We are introducing RetryStrategy as a first-class parameter in the Agent constructor. RetryStrategy determines whether and how to retry failed model invocations or tool executions. Like SessionManager and ConversationManager, RetryStrategy will leverage HookProvider to integrate with the agent lifecycle. The team has agreed that the public interface should be retry_strategy: RetryStrategy rather than the more generic retry_strategy: HookProvider. The open question is whether the RetryStrategy interface itself should extend HookProvider to perform retries via the hook system, or whether it should expose a simpler contract such as should_retry(exception: Exception) -> bool with the framework handling invocation internally.

While RetryStrategy provides the immediate context for this decision, the question applies broadly to all future interfaces we introduce. Should new capabilities like guardrails, rate limiters, cost trackers, or audit loggers extend HookProvider as SessionManager and ConversationManager do today? Or should we establish a different pattern where domain interfaces remain pure and the framework handles lifecycle integration internally? The decision we make for RetryStrategy will set precedent for the SDK's architectural direction.

This discussion assumes HookProvider is a valid internal mechanism for lifecycle coordination. Whether hooks are the right architectural choice for the framework is a separate question. The question here is narrower: when the framework uses hooks internally, should that implementation detail be exposed in user-facing interfaces?

Context: HookProvider as Internal Primitive

Today, both SessionManager and ConversationManager implement HookProvider. This architectural choice enabled rapid iteration because new capabilities could be built using the same extensibility mechanism available to external contributors. When we needed session persistence, we did not invent a new lifecycle integration pattern; we registered callbacks for AgentInitializedEvent, MessageAddedEvent, and AfterInvocationEvent. The hook system became our internal composition primitive.

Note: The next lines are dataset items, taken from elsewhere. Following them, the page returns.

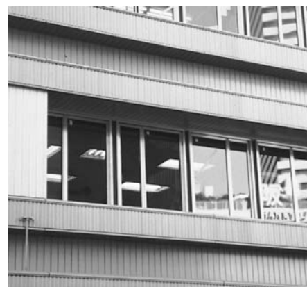
▲ スチールサッシにパテ施工、ガラス破損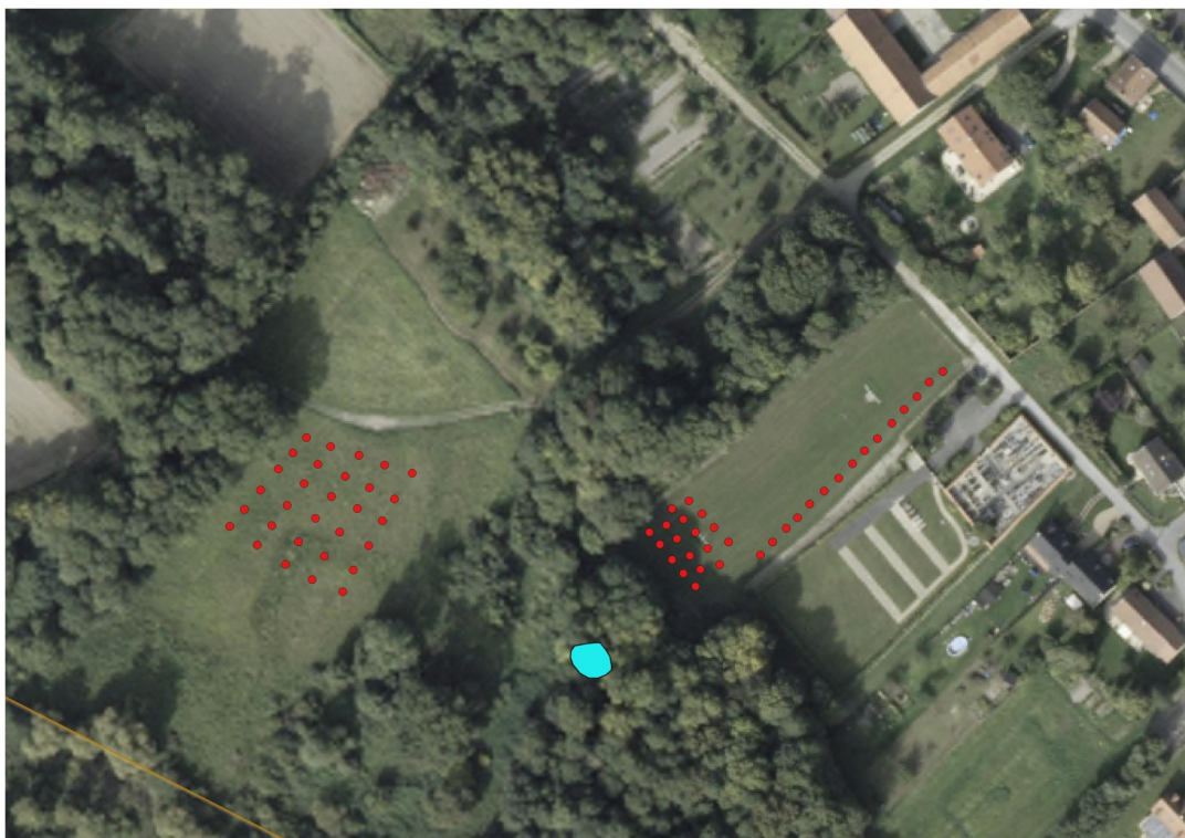
Photo aérienne des Fontainiers (près du cimetière de Wez) avec l'implantation future des arbres fruitiers (points rouge) et rénovation de la mare (en bleu ciel)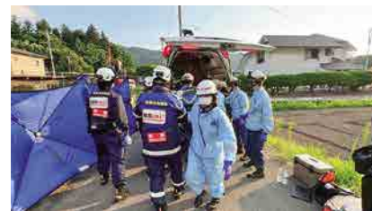
2025年 白沢発電所事故対応

This approach follows the principle of dogfooding. By building features through the public extensibility API, we validate that API continuously and ensure external developers have access to the same power we do. This also reinforces a key architectural property: Martin Fowler describes the distinction between a framework and a library as inversion of control—frameworks call your code rather than the other way around. Hooks give us that inversion uniformly whether the code is internal or external.

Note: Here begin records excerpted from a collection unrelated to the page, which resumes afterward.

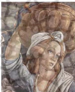
تصویر ۱۲: بخشی از نقاشی «آب ریختن موسی در لاوکی»، اثر بوتیچلی

در هر سه این نقاشی‌ها -زنان پریمائورا، عذرای انار و آب ریختن موسی در لاوکی- (تصاویر ۹ تا ۱۲)، زنی افسرده در حال تحمل بار سنگین درونی است که آثار این تحمل، در چهره معصومش هویداست. هر سه، بی توجه به آن چه پیرامونشان در حال رویداد است، به جایی بیرون از کادر چشم دوخته‌اند و گویی در مکان یا زمان دیگری سیر می‌کنند. مارسل پروست این سه شخصیت در نقاشی را با هم یکی می‌کند و حاصل این یکی شدن، "اودت" است. با دیدن این سه زن، تصویری که از اودت در ذهن مخاطب نقش می‌بندد، همان چیزی است که پروست می‌خواهد نه چیز دیگر. پروست با این کار، تصویرسازی قوه خیال در خواننده را به کنترل خویش می‌گیرد. وی در طول رمان بارها از شباهتی که میان "اودت" با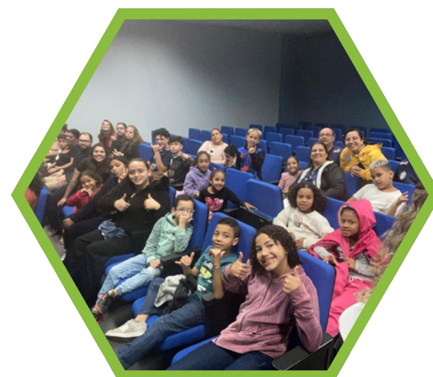
Visita Faculdade UNISO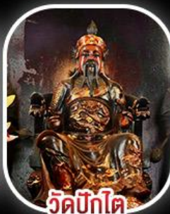
วัดบิกิต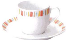
T182-031-24 コーヒーカップ φ10.2×7.6×H6.5cm・190cc ¥1,070 T182-031-23 コーヒーソーサー φ15.3×H1.9cm ¥800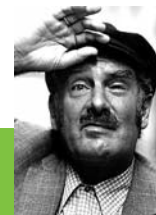
Jürgen von Manger

Der Mensch ist ein Abbild Gottes. Und wie es nicht das eine Bild Gottes gibt (deshalb das Bilderverbot: Wir sollen Gott nicht auf ein Bild festlegen), so gibt es also auch nicht den einen Men-

The Case for Extending HookProvider

Consistency argues for HookProvider. If SessionManager persists state via hooks and ConversationManager reduces context via hooks, then RetryStrategy performing retries via hooks maintains a uniform mental model. Developers who understand one component understand the composition pattern of all components. This aligns with our tenet of composability: primitives are building blocks with each other, and each feature is developed with all other features in mind.

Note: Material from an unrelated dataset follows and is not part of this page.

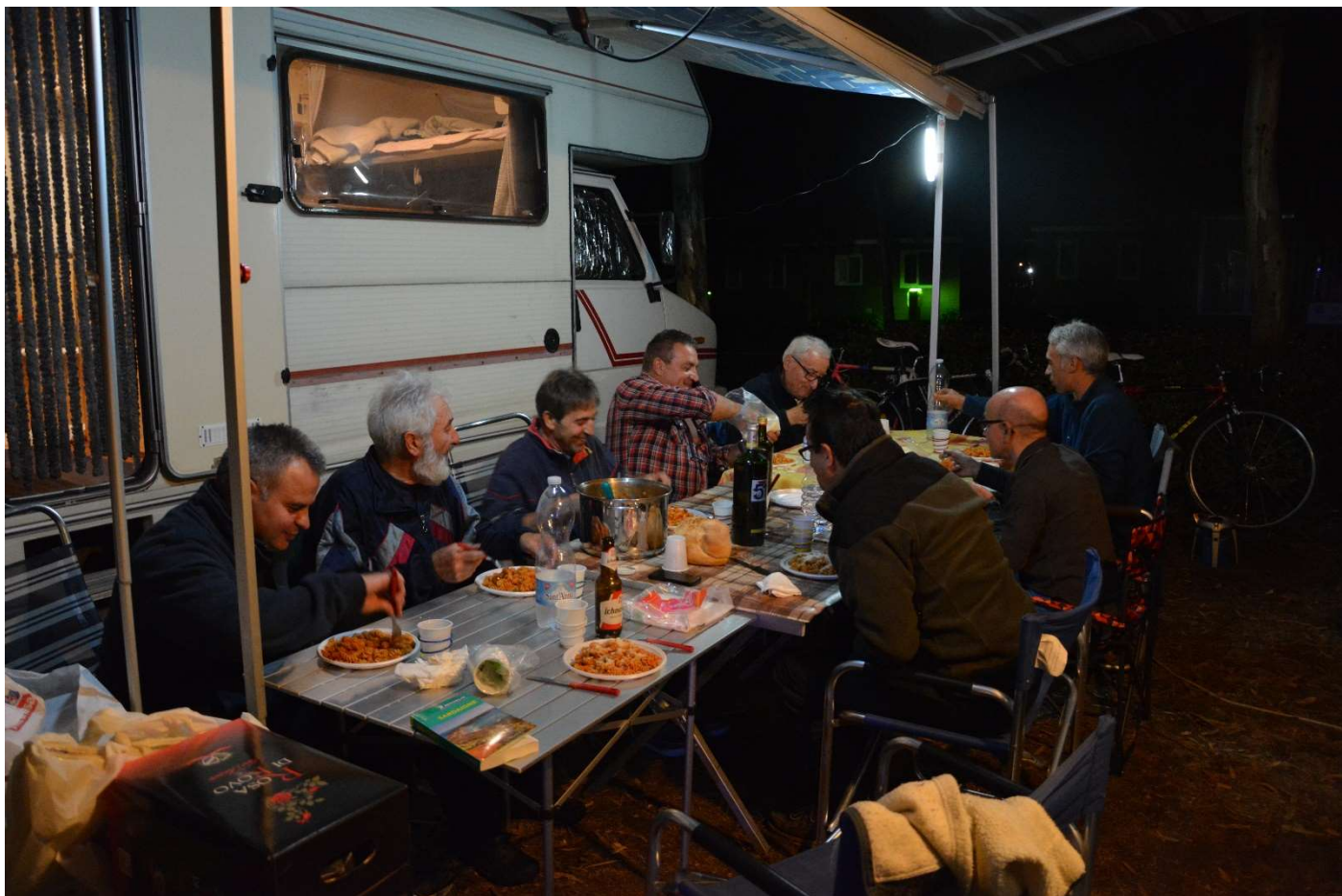
15/10/16 Fertia Camping Laguna Blu La prima cena all'aperto

Under this approach, the interface would look like the following:

class RetryStrategy(HookProvider, ABC):
    """Base class for retry strategies that integrate via the hook system."""

    def register_hooks(self, registry: HookRegistry, **kwargs: Any) -> None:
        registry.add_callback(AfterModelCallEvent, self._on_model_error)

    def _on_model_error(self, event: AfterModelCallEvent) -> None:
        if self.should_retry_model(event.exception, event.attempt):
            event.retry = True

    @abstractmethod
    def should_retry_model(self, exception: Exception, attempt: int) -> bool:
        """Return true if the model call should be retried based on this exception."""
        ...

Implementing HookProvider also honors our commitment to being extensible by design. A RetryStrategy could respond to multiple events such as AfterModelCallEvent and AfterToolCallEvent, adjust its behavior based on telemetry events, or compose with other hook providers. The Open-Closed Principle suggests we should design for extension, and HookProvider provides that extension surface.

The Case Against: Leaky Abstractions and Implicit Behavior

The counterargument centers on abstraction boundaries. When a user configures session_manager=FileSessionManager(), they cannot easily reason about when persistence occurs. The session is not saved through an explicit session_manager.save() call; instead, persistence happens implicitly through hook callbacks responding to events the user may not know exist. This tension directly challenges our tenet that the obvious path is the happy path. If understanding when sessions persist requires knowledge of hook registration and event dispatch, we have made the non-obvious path the only path.

Joshua Bloch's guidance on API design emphasizes that interfaces should be easy to use correctly and hard to use incorrectly. A RetryStrategy with a should_retry method is self-documenting:

class RetryStrategy(ABC):
    """Simple interface for retry decisions."""

    @abstractmethod
    def should_retry(self, exception: Exception, attempt: int) -> bool:
        """Return true if the operation should be retried."""
        ...

The framework calls should_retry, the strategy returns a boolean, and the framework acts accordingly. The user need not understand AfterModelCallEvent, hook registration, or callback ordering. This simplicity embodies our tenet that simple things should be simple. A retry strategy is conceptually simple; its interface should reflect that simplicity rather than exposing the machinery of lifecycle integration.

The Deeper Question: Primitive or Leak?

The core tension is whether HookProvider is a base primitive upon which everything should be built, or whether its internal usage constitutes an abstraction leak that we have simply normalized.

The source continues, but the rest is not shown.